That first night ignited with fiery passion. We went at each other with a mix of furious passion and innocent exploration. We lost our rhythm a couple of times, but we embraced for hours and I was very satisfied with my choice. Now positive I could love my woman both physically and emotionally I passed out and in the morning I approached our budding relationship with renewed determination and vigor. It didn't take long for me to be sure and just one month into our unconventional love story I proposed to Tabatha and she readily accepted.
"I've already given myself to you more than a decade ago. I'd be foolish to reject you now," she said when I proposed.
We spent the next three months getting every detail perfect. We had to compromise, but we had been friends for a long time and we never forgot what truly mattered so the give and take unfolded naturally and the ceremony was lovely. We were both successful in our own fields and money was not endless, but it was not a deciding factor in anything we did. So our wedding was a grand fair followed by a long honeymoon.
It was on our honeymoon when Tabatha first brought up the idea of children, "Kitty Kat, I'm always home and you would be such a great mother. We mentioned having children before. Can we look into it when we get home?"
"Sure, but adoption will be difficult. We might have to settle for fostering," I responded without much thought, but knowing I wanted children in my life.
Tabatha got his mischievous grin on her face and looked deep into my eyes, "Kitty Kat hear me out. Your brother could donate sperm and then if I got in vitro then the baby would be genetically from both families. That's too much right. I'm sorry I'm super creepy. It just came to me."
"We can ask," was my only response. She was my love and it would make me happy to be related to my child.
After our honeymoon it was a grueling process but my brother agreed. There were financial compensations made. He had to leave his job while coming to us for the procedures after all. We were left with very little in the way of savings, but we were eventually blessed with a daughter. We named her Rae after my brother. We loved her with all our hearts and we raised her to never fear the world or bend to its expectations.
She grew and eventually took an aggressive alcoholic as her husband. After beating her until she miscarried their baby she returned home to us. Her uncle was sixty at the time but he sent us pictures of what the man looked like when he left his house. I had never been prouder of my big brother. She never remarried, but went on to foster dozens of kids, mostly with behavioral issues.

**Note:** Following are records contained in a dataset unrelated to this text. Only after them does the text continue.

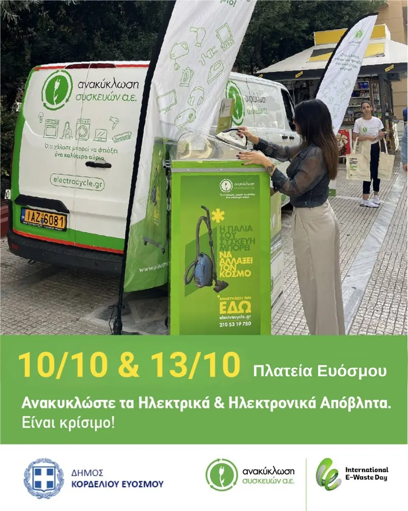 Πιο συγκεκριμένα, η Ανακύκλωση Συσκευών ΑΕ, σε συνεργασία με τη ΔΙΑΔΥΜΑ ΑΕ, θα επισκεφτούν την κεντρική πλατεία του Ευόσμου, όπου οι δημότες θα έχουν τη δυνατότητα να ανακυκλώσουν τις μικρές ηλεκτρικές και ηλεκτρονικές συσκευές με εύκολο και άμεσο τρόπο σε ειδικά διαμορφωμένο όχημα van.
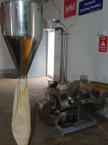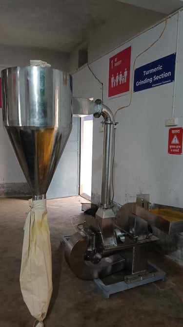 A new and advanced grinding machine has been procured to improve the efficiency and consistency of turmeric powder production. This machine offers improved fineness of the turmeric powder, ensuring better-quality output.
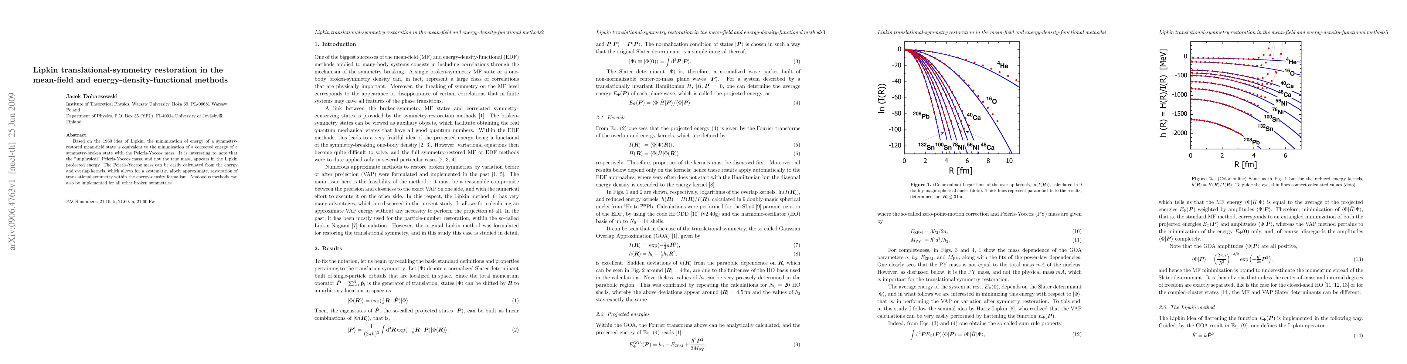 This paper explores the Lipkin translational-symmetry restoration method, demonstrating that minimizing the energy of a symmetry-restored mean-field state is equivalent to minimizing the corrected energy of a symmetry-broken state using the Peierls-Yoccoz mass. The Peierls-Yoccoz mass, though unphysical, facilitates the systematic restoration of translational symmetry within the energy-density formalism.
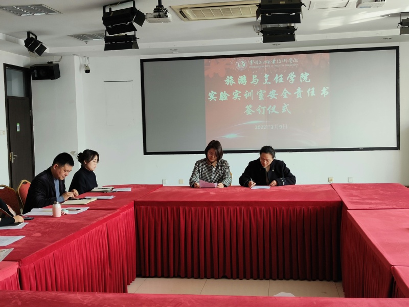 为认真贯彻“安全第一,预防为主”的方针,切实保障公司实验实训室安全,杜绝实验实训室重大安全事故的发生。3月9日下午,旅游与烹饪公司在图文楼908举行《实验实训室安全责任书》签订仪式,旅游与烹饪公司教学副经理尹奎、产学研副经理张卫兵、各实训室安全责任人、各专业带头人和教研室主任参加了本次签订仪式,副经理陈纯出席签订仪式。
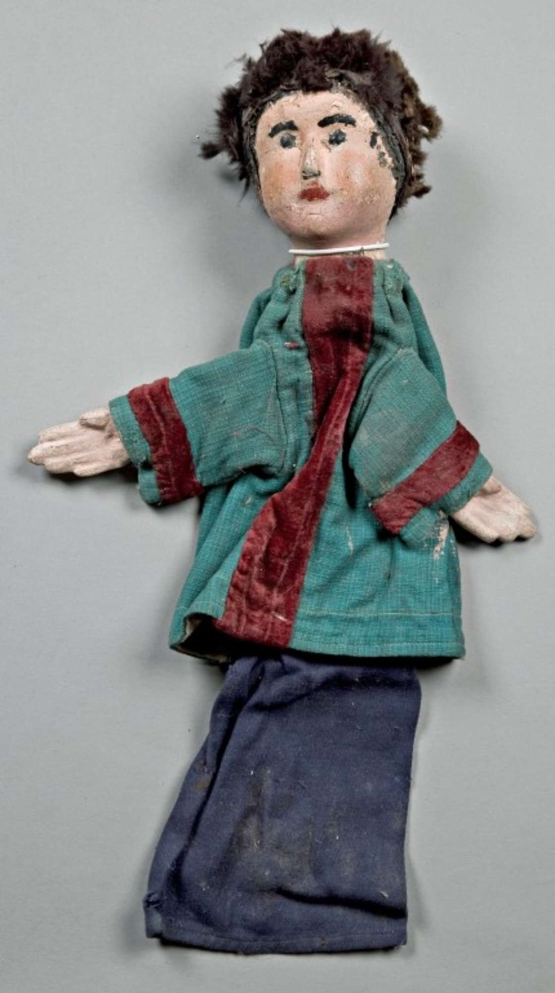 Burattino con testa di legno scolpito e dipinto. Le pupille sono dipinte di nero. I capelli sono di pelo animale. Le mani sono del tipo piatto, con dita incise. La giacca è di cotone verde, con passamanerie di velluto porpora.
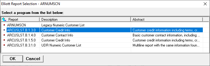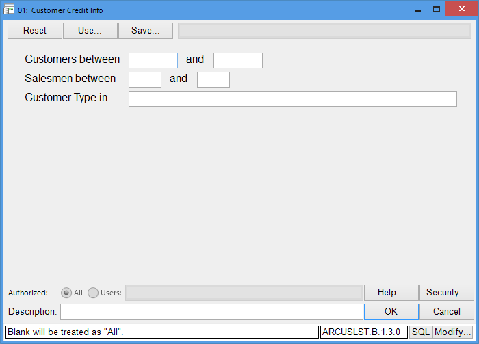Let's choose "ARCUSLST.B.1.3.0 Customer credit Info" from the list. The following sample screen should show up:
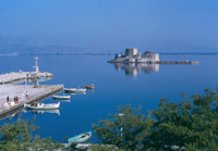 La ville de NAUPLIE est très agréable, et mérite bien qu'on s'y arrête: les terrasses le long de la mer avec un joli coucher de soleil, l'ilôt Bourtzi et son vieux fort vénitien, la forteresse palamède (en voiture c'est moins fatiguant), le musée du komboloi., des cafés-glaciers accueillants, et pour vous mesdemoiselles des tas de bijouteries...

I retired in my early fifties and Tabatha followed in her late fifties. We were still the romantic couple and my daughter would often say, "I'm so lucky. Few children have two parents with so much love in their hearts."
My Tabatha passed first when she was eighty, "Kitty Kat you've made me happy this whole time. Please don't let me leaving make you cry. I'll just wait for you ok," she said to me as the cancer took the last of her strength. I just nodded and kissed her forehead. I forced a big smile and me, my daughter and the two children that were staying with her at the time went to dinner. I moved in with her and went on to make more memories to tell her about when my end finally came. I was sure she'd be happy to see me when I finally get back to her. I turn one hundred and seven this year my daughter stopped taking in fosters over a decade ago though some of them still stop by from time to time. For her I still manage to find at least a little joy in every day and every night I text her about my day. For now that's enough or so I tell myself.